Kevin “K2” LaRosa II, aerial coordinator, Top Gun: Maverick

“What he told us was, we’re almost at a disadvantage. We’re making a sequel to a very iconic movie. And we needed to wait this long so there was a story worth being told. And we needed to wait this long so there was technology available to help us tell the story. And he knew, and inspired everybody who was going to work on this movie that the movie needed to obtain a level of perfection that had not been seen.

“What [Cruise] did for me on that day was truly inspire me to set the bar higher than it had ever been set in regards to aerial cinematography.”

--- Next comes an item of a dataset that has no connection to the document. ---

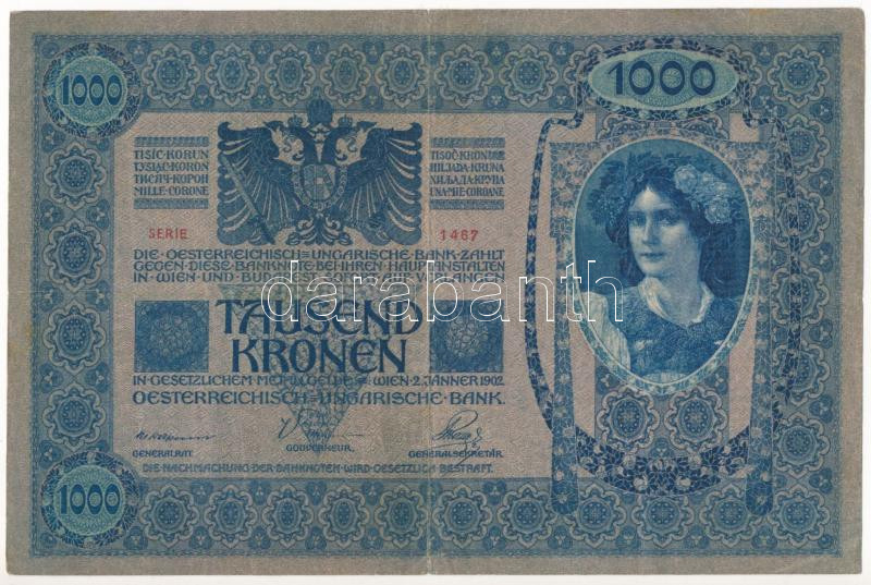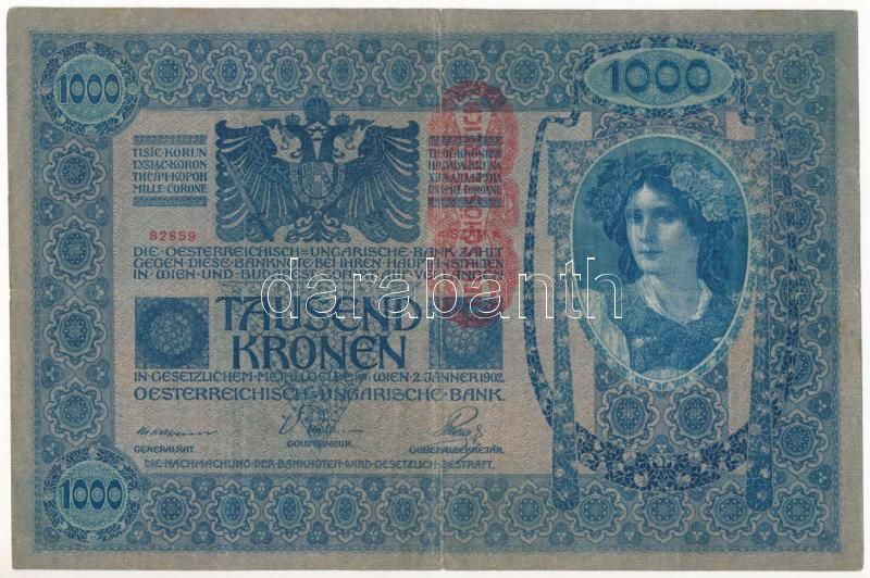 Ausztria 1919. (1902.) 1000K mindkét oldal német, piros "DEUTSCHÖSTERREICH" függőleges felülbélyegzéssel T:F Austria 1902. 1000 Kronen both sides German, with red "DEUTSCHÖSTERREICH" vertical overprint C:F
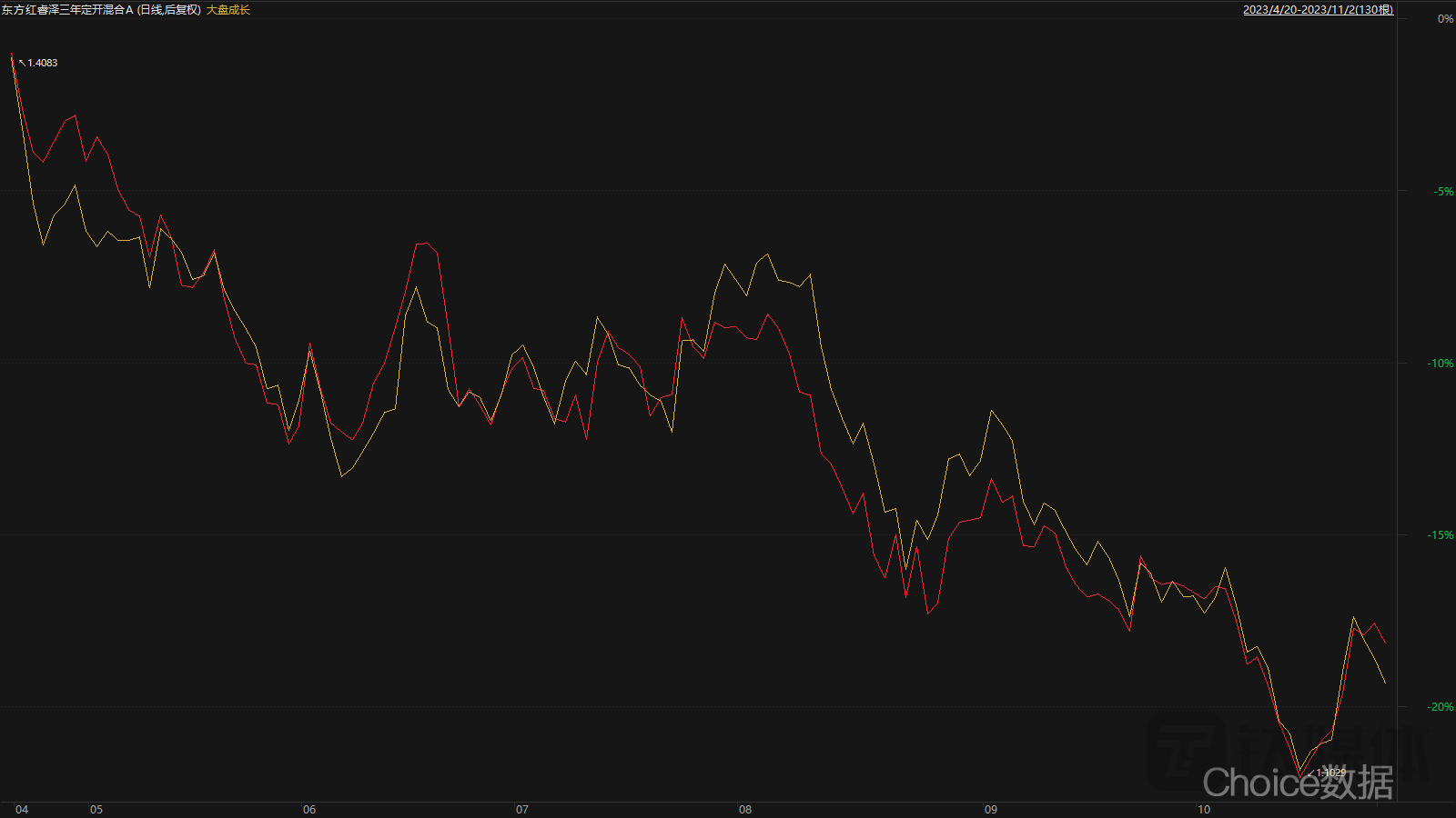 2023年6月,苗宇开始担任东方红睿泽三年定开混合A的基金经理,在此之前,其代表作广发竞争优势混合A(000529)曾在7年262天的时间里录得198.12%的回报;

One of the most special days on set for LaRosa was a normal day, on a Navy base: “Briefing’s complete, and we’re standing on the ramp next to an F-18 and here comes Tom out of the PR shop, which is the room where they get outfitted with their helmets and their parachutes. And as he’s walking past me and out to this F-18, he’s in his full wardrobe and naval aviator get-up, and I thought, ‘That’s Pete “Maverick” Mitchell, literally walking by me.’ That’s where it became very real…an instant goosebump moment.”

What Does It Take?

Getting to those moments takes a lot of effort, skill, and dedication to achieve, as LaRosa knows well.

“I put a big emphasis on training,” he said. “I personally try to fly every aircraft that I fly at least every 12 months. That goes for the large jets, and the small airplanes, and the helicopters. When I’m hired by the studios as an aerial coordinator, my job is not necessarily to always be the pilot on camera. My job is to put the best person, most experienced person, and the safest person in the right seat.”

He went on to emphasize the point. “My job is first and foremost to ensure that everyone is safe. Second, I want the aircraft to return to service, and third is that we make incredible, dynamic, amazing pictures that meet or exceed the requests of our customers.”

The job responsibilities of an aerial coordinator run the full gamut, and include: 

  • Scripting
  • Set construction and breakdown
  • Budgets
  • Preplanning with ATC and FAA
  • Briefing
  • Actual flight sorties
  • Debriefing
  • Finalizing the mission

“My true passion is being behind the controls and flying,” said LaRosa, “but sometimes I am best served sitting next to the director and holding an air-to-ground radio and helping him to direct the aerial sequences and watching the shot.”

“You’re 50 percent pilot and 50 percent filmmaker.” A person needs a good understanding of lighting, composition, plus cameras, lenses, and their movement, and the tools of the cinematographer’s trade—along with a deep skill set as a pilot on a variety of aircraft.

K2 took on all kinds of aviation jobs to build his resume, from Cessna 172s flying traffic to flying as a corporate pilot and flying helicopters—and that’s what he recommends to those who would want to pursue this career. “You need to have a very strong background in aviation to do this job.” While you’re moving in that direction, study cinematography and how movies are made. That’s the 50/50 split that a person needs to master to join this rewarding and unique industry.